§ Exercise requirements
Search the entries for the word "eine" and return every line where it is found.

§ Supplied material
○ ○ ○ ○ ○ ○ ○

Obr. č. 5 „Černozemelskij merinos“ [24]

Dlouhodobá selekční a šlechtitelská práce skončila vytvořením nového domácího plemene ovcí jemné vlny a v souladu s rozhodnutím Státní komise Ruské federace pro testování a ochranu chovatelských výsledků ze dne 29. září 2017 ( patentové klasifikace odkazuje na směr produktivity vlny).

○ ○ ○ ○ ○ ○ ○

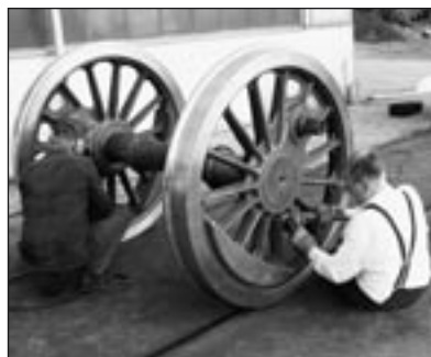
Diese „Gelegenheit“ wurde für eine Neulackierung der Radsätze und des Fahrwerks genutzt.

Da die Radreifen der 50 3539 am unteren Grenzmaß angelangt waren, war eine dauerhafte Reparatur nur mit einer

○ ○ ○ ○ ○ ○ ○

§ Answer for this exercise
Diese „Gelegenheit“ wurde für eine Neulackierung der Radsätze und des Fahrwerks genutzt.
Da die Radreifen der 50 3539 am unteren Grenzmaß angelangt waren, war eine dauerhafte Reparatur nur mit einer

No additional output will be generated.